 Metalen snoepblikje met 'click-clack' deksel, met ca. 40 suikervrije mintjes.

#####

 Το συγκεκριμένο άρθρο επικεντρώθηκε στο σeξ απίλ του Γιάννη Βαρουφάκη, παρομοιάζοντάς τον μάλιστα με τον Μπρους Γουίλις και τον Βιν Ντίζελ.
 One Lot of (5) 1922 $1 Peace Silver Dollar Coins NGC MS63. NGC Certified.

#####

[PROMPT]: Every line from the line containing "Το συγκεκριμένο άρθρο" through the line containing "One Lot of (5)" in the records above must be retyped exactly. Leave out the rest.

[RESPONSE]:
 Το συγκεκριμένο άρθρο επικεντρώθηκε στο σeξ απίλ του Γιάννη Βαρουφάκη, παρομοιάζοντάς τον μάλιστα με τον Μπρους Γουίλις και τον Βιν Ντίζελ.
 One Lot of (5) 1922 $1 Peace Silver Dollar Coins NGC MS63. NGC Certified.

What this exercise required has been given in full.